В лице Сулержицкого Ефим нашел целое множество друзей, единомышленников, товарищей, которые если и не били кулаком и не плевали в лицо несправедливости, то понимали его, Ефима, и не только не осуждали, не травили, а принимали в свою семью, чтобы вместе работать за правду.

Каждый вечер, во всякую погоду, иногда по колено в грязи, задворками, рискуя попасть на глаза «шпику», пробиралась черная тень Ефима к дому Сулержицкого за книжками или только чтобы хоть «посмотреть» на него.

Каково же было недоумение Сулержицкого, когда с окончанием ссылки, в день его отъезда из Новоконстантинова, в то время как буквально все жители высыпали провожать его на площадь, когда уже не хватало больше вместилищ для всех принесенных шафрановых булок, бисквитов, медовиков и других еврейских сластей, {516} когда все кругом гудело пожеланиями добра и благодарственными возгласами, среди всех не оказалось только Ефима.

Сулержицкий волновался. Он много раз входил в дом, снова возвращался и вглядывался в толпу, он напряженно искал Ефима, чтобы хоть издали кивнуть ему головой и подбодрить на прощание. Ефима не было.

— Не пришел Ефим, — грустно сказал Леопольд Антонович, — побоялся.

Коляска-ландо, запряженная цугом, тронулась с места и покатилась по дороге к станции за восемнадцать верст от Новоконстантинова.

Ехали молча. Версту. Две. Три… Вдруг внезапная остановка. Сулержицкий высунулся из ландо.

— В чем дело?

Посреди дороги стоял Ефим. На руках у него был «рушник» (вышитое полотенце), а на нем небольшой хлеб.

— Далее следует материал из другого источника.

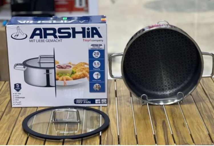 ماهیتابه دو دسته عرشیا مدل ss050_3341سایز ۲۸ سانتی استیل کف لیزری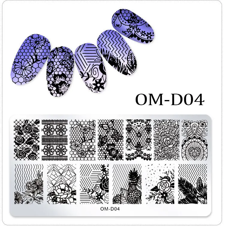 1 шт. дизайн ногтей декоративные передачи стальная пластина прямоугольный печатание масла к синяя пленка окрашенная листовая сталь OMD серии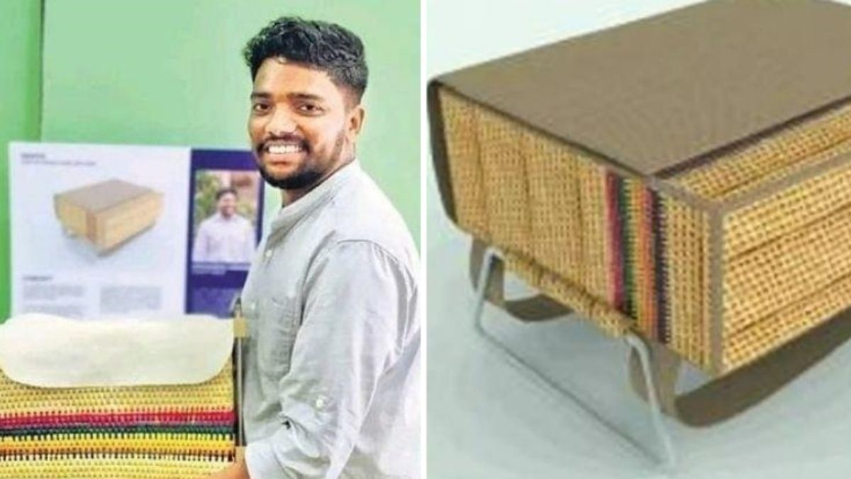 El joven de 24 años viajó a Naina en Uttar Pradesh para colaborar con los artesanos y diseñar este increíble bolso ergonómico con hierba moonj cultivada localmente por los residentes de la zona.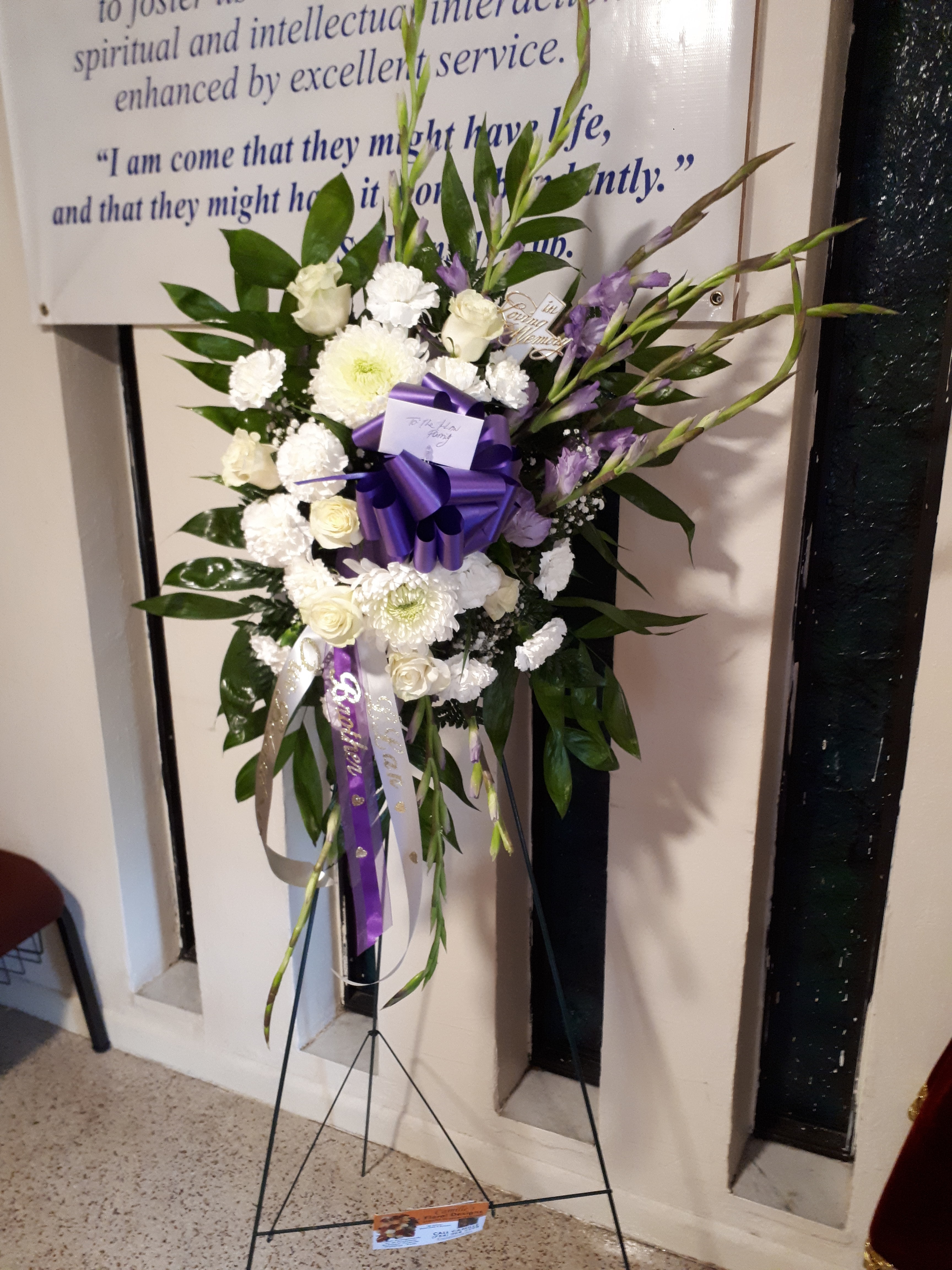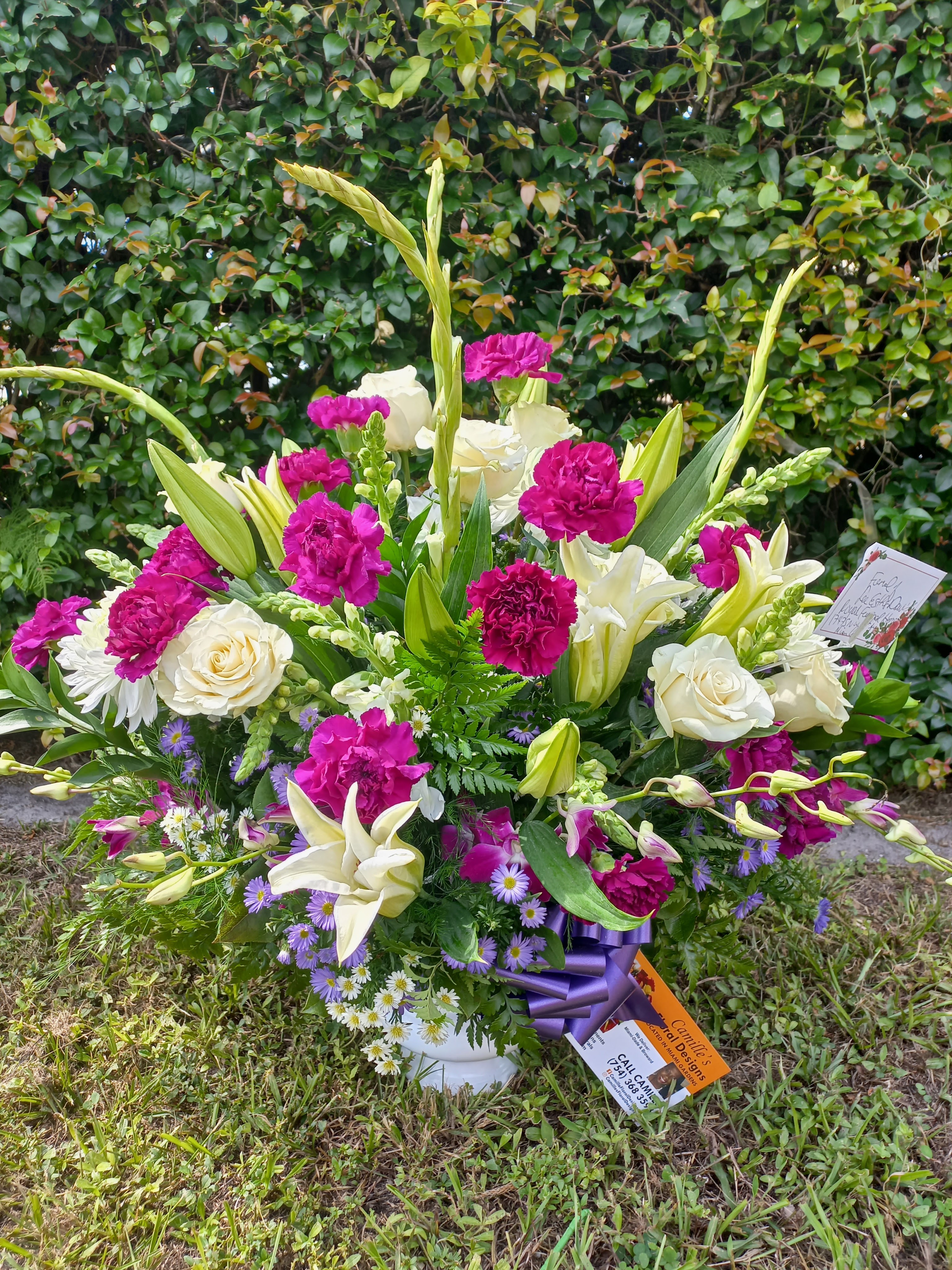 Send hhis beautiful standing spray features purple gladiolas, white mums, white carnations, white roses with jade leaves. Price includes tax and delivery fees. We deliver to Miami-Dade and broward counties.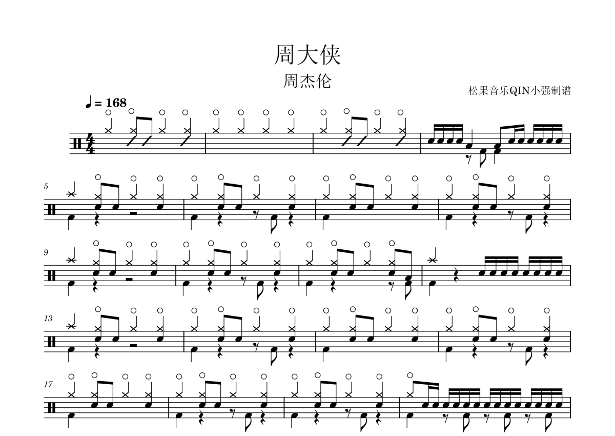 周杰伦、杜国璋《周大侠》架子鼓谱
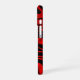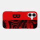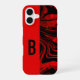 Cell phone case has a solid block of red on one side and a swirl pattern in red and black on the other side. Personalize with an initial, name or other text for a great gift idea. The name is in vertical orientation in black lettering.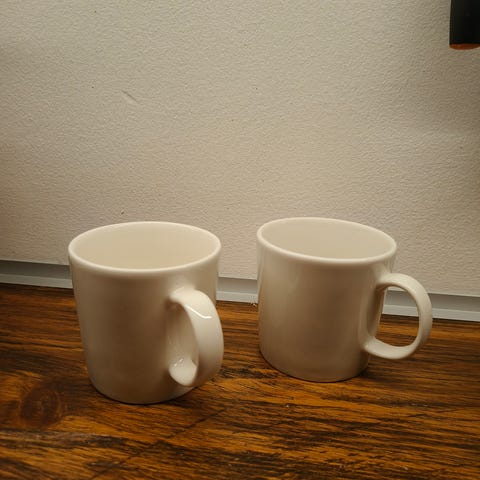 Iittala Teema mukit valkoisella värillä. Materiaali on keramiikka.
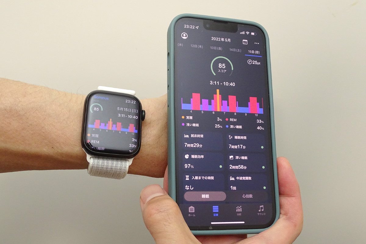 まずはスマホにインストールして、無料で使えるモバイルアプリから睡眠トラッキングを試してみる手もあります。例えばiOS/Android対応のアプリ「Somnus」は、無料で使える睡眠計測・目覚ましアラームアプリです。スマホを枕元に置いて寝ると、アプリがユーザーの睡眠データを自動的に取得します。アラームを設定した時間が近づいたときに、一番眠りが浅くなったタイミングを見計らって目覚ましを鳴らしてくれるので、シャキッと爽快な寝覚めが実感できます。iOS版はApple Watchにも対応しています。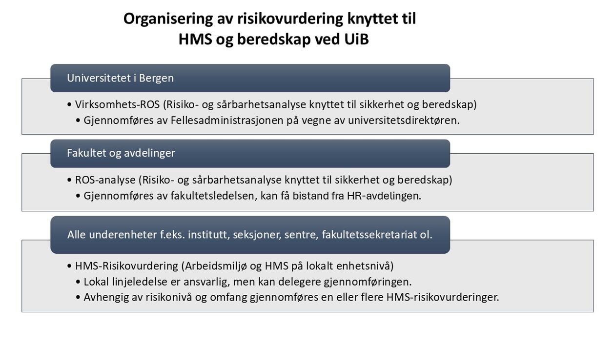 Bildet under gir en visuell fremstilling av organiseringen av risikovurdering knyttet til HMS og beredskap ved UiB.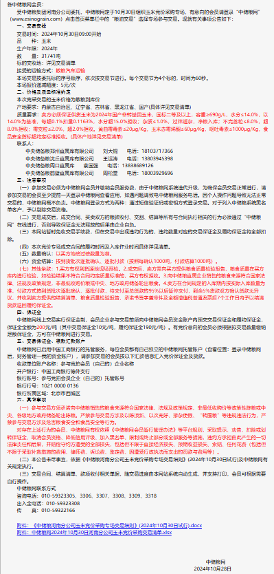 2024年10月30日中儲糧河南分公司玉米競價采購專場公告
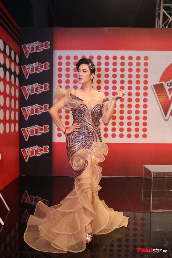 Trong tiết mục mở màn, HLV Thu Phương khoe dáng vẻ yêu kiều trong chiếc váy ôm sát đính bèo hoa chạy dọc thân.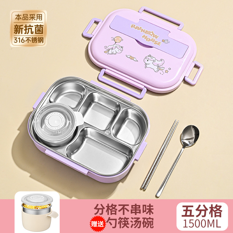 [upgrade thickened antibacterial 316l steel] purple-five grid 1500ml (send chopstick and spoon + soup bowl).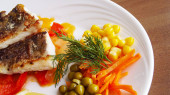 Talerz pstrąga Bohinj z gotowanymi ziemniakami i sałatką w Słowenii.
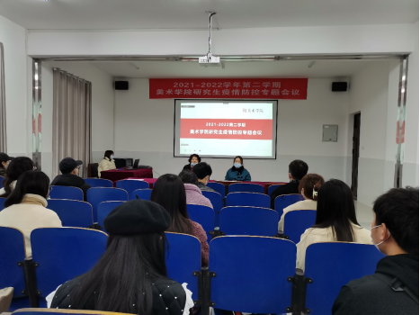 為深入學(xué)習(xí)中央、省委省政府、省教育廳、學(xué)校的文件精神,落實(shí)學(xué)校疫情防控措施,做好研究生疫情防控工作,保證學(xué)生生命健康安全,吉首大學(xué)美術(shù)學(xué)院于3月21日上午10點(diǎn),在學(xué)院思政影廳召開了美術(shù)學(xué)院研究生疫情防控專題會(huì)議。會(huì)議由研究生辦主任龍社勤主持,美術(shù)學(xué)院副院長李婷婷、副書記杜修望、研究生辦秘書伍璽臻、研究生辦秘書姜?jiǎng)?lì)立以及全體研究生參加了此次會(huì)議。本次會(huì)議線上、線下同步進(jìn)行。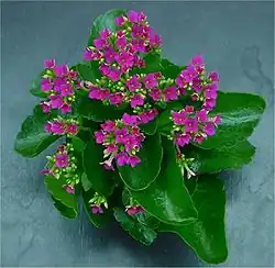 Kalanchoe (/ˌkæləŋˈkoʊ.iː/ KAL-əng-KOH-ee),[2][3] (also called "kalanchöe" or "kalanchoë"), is a genus of about 125 species of tropical, succulent plants in the stonecrop family Crassulaceae, mainly native to Madagascar and tropical Africa. A Kalanchoe species was one of the first plants to be sent into space, sent on a resupply to the Soviet Salyut 6 space station in 1979.[4] The majority of kalanchoes require around 6–8 hours of sunlight a day; a few cannot tolerate this, and survive with bright, indirect sunlight to bright shade.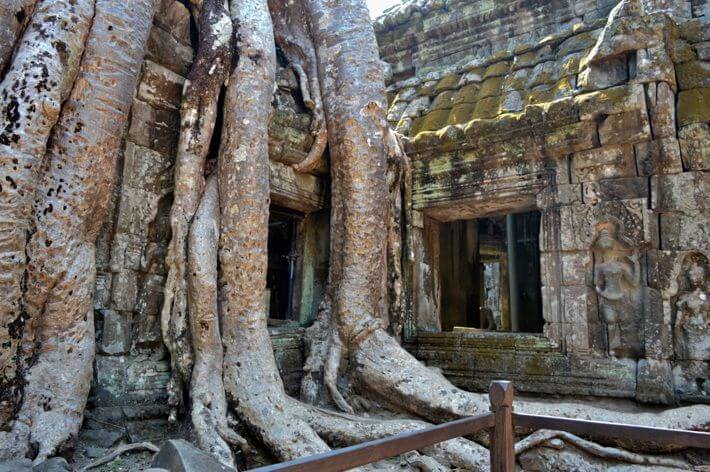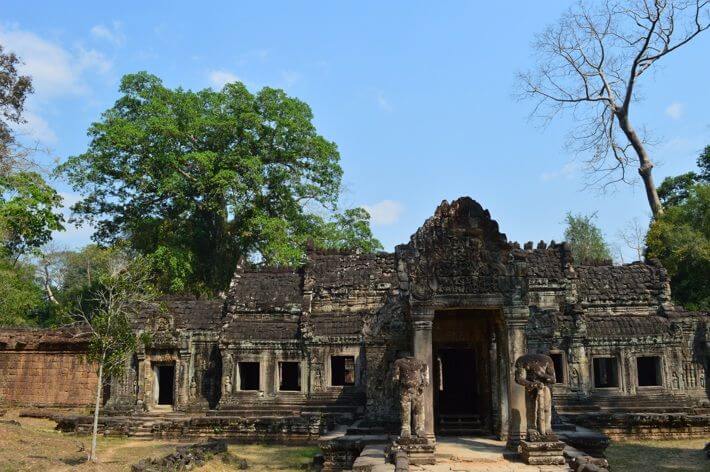 Templo Preah Khan - Diz ter sido originalmente uma cidade com mais de dez mil habitantes. No começo era budista, mas suas imagens e artefatos religiosos foram destruídos e então o templo passou a ser hindu.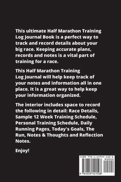 This undated Half Marathon Training Journal logbook is a perfect way to help runners track progress as they train for that big race. This 12 week planner, diary can help you keep all your important data all in one place. We all know every runner loves to journal everything, as it's a great way to set goals, keeping you accountable and feel accomplished. Journaling your run workout and fitness exercise is key and an important part of your training. The interior includes space to record the following: Race Details - Write Race Training for, Date of the Race, Date Registration Due, Entry Fee, Date to Start Training, Training & Race Goals. Sample 12 Week Training Schedule - Gives you an example of what your training schedule could look like. Personal Training Schedule - Write your own Personal Training Schedule to fit your own training needs. Daily Running Pages - 12 Weeks (3 months) of Daily Running pages. Write date and day until the race. Today's Goals - Record your Goals for the day including Distance, Speed & Other. The Run - Prompts for writing Route, Weather Conditions, Start Time, End Time, Total Time, Total Distance and Average Pace. Notes & Thoughts - Blank lined notes and personal thoughts for writing any other info you will want to write such as asthma condition, tracking soreness, favorite inspirational quote, results, etc. Reflection Notes - Space to look back and reflect on what worked, anything you need to stop doing or do less of, what you think you need to do more of next time, what you worry about, did you get better or see improvements, etc. Simple & easy to use. Makes a great gift for that special runner in your life who love to train for a half marathon. Logs & notebooks are a convenient way to keep all your important information all in one place. Buy & get your copy now! Running design. Size is 6x9 inches (easy to take with you), 76 pages, white paper, black ink, soft matte finish cover, paperback.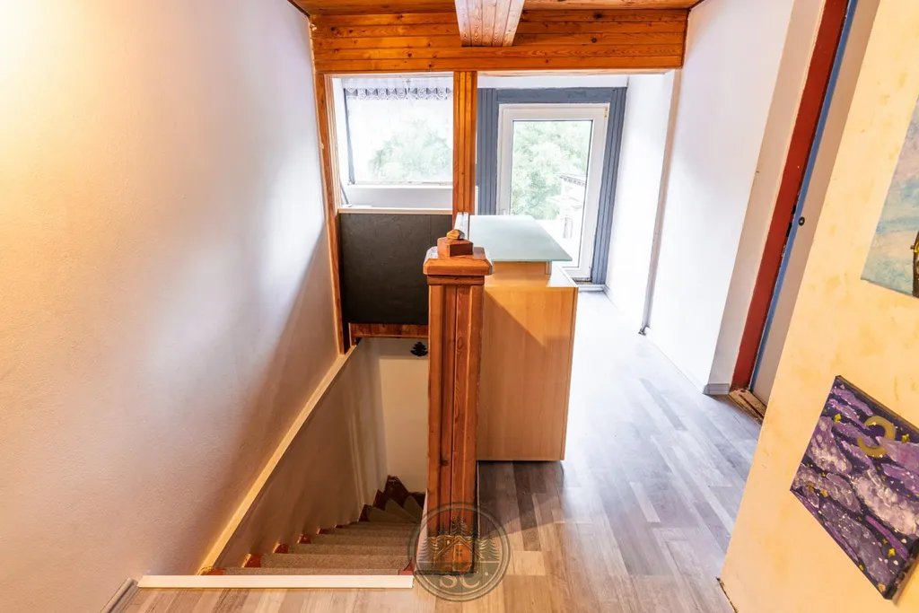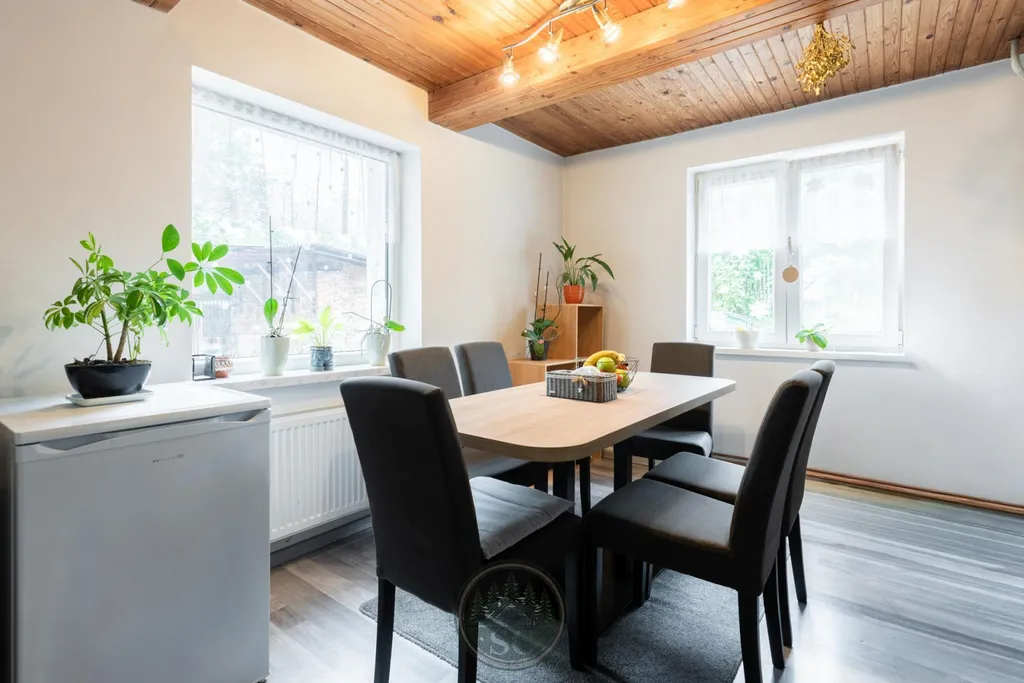 Dispozice domu je promyšlená a útulná. Vstupem se dostanete do předsíně, dále se zde nachází kuchyň s linkou a sporákem, obývací pokoj, ložnice, dvě menší místnosti (jedna slouží jako spíž), zrekonstruovaná koupelna se sprchovým koutem a WC. V kuchyni vynikají krásné stropní trámy, které prostoru dodávají příjemnou venkovskou atmosféru. V podkroví je ložnicová část rozdělená na dva dětské pokoje - i zde jsou dřevěné trámy, které interiéru dodávají osobitý charakter - a další samostatné WC. RD disponuje také půdními prostory.

Ничего не мог сказать Ефим. Сквозь его рыдания слышались только два слова:

— Солнце мое… Солнце…

Ландо покатилось дальше, а неподвижная фигура Ефима еще долго виднелась на дороге сзади, рождая вопросы в мозгу Сулержицкого: сумел ли он своей волей утвердить в Ефиме веру в лучшее будущее? Увидит ли он своего сына свободным гражданином свободной страны?


* * *

В жизни они больше не встречались и не переписывались никогда: это могло бы тяжело отразиться на Ефиме…

Е. Д. Россинская [ccclxvii]

С Леопольдом Антоновичем я познакомилась, едва поступив в Московское Училище живописи, ваяния и зодчества. Я попала в Училище в 1894 году. Леопольд Антонович учился к тому времени уже года два‑три, но это не помешало нашей дружбе: в Училище было несколько групп людей, так сказать, «естественно тяготеющих» друг к другу, объединенных общими взглядами, увлечениями.

Сулер был душой Училища, его знали и любили все, за исключением, пожалуй, начальства: инспектора Мжедлова и директора, князя Львова, ненавидевшего этого демократа, как называл он Сулержицкого, и настоявшего на его изгнании из Училища.

Часто можно было встретить Леопольда Антоновича в обширной «курилке», всегда заполненной курящими и некурящими (Сулержицкий принадлежал к числу последних). В курилке Сулержицкий устраивал спевки-репетиции ученического хора, им организованного. {517} Прекрасно пел хор русские, украинские песни, которые особенно любил Леопольд Антонович — «запевала», как до сих пор называет его Сергей Тимофеевич Коненков, наш соученик. Вокруг Сулержицкого всегда собиралась толпа, около него всегда — смех, шутки, около него оживлялись самые скромные, незаметные, всех он умел расшевелить — улыбкой, шуткой, необыкновенно смешным рассказом. А рассказывать ему было о чем.

Но, пожалуй, еще полнее раскрывался он среди своих — в группе молодежи, проникнутой «революционными настроениями», как тогда говорили. К ней принадлежали и низенький, кудряво-бородатый Магула, и Юлия Игумнова, сестра пианиста, разделявшая взгляды Л. Н. Толстого и впоследствии много лет жившая в Ясной Поляне, и Елена Александрова, будущая жена замечательного художника Борисова-Мусатова.

Можно было встретить Сулера и в обществе живой, веселой, общительной Татьяны Львовны Толстой. Она-то, как известно, и ввела Леопольда Антоновича в дом отца. Иногда заходила за Татьяной Львовной в Училище ее сестра Марья Львовна, необыкновенно скромная и тихая, поражавшая своим необычайным сходством с Львом Николаевичем — те же глаза, скулы, овал лица.

Довольно часто бывал Сулер на вечерах у Елизаветы Сергеевны Кругликовой, которая училась в одном с ним классе. (Замечательный портрет, писанный с нее М. В. Нестеровым в 30‑х годах, очень точно передает индивидуальность Е. С.)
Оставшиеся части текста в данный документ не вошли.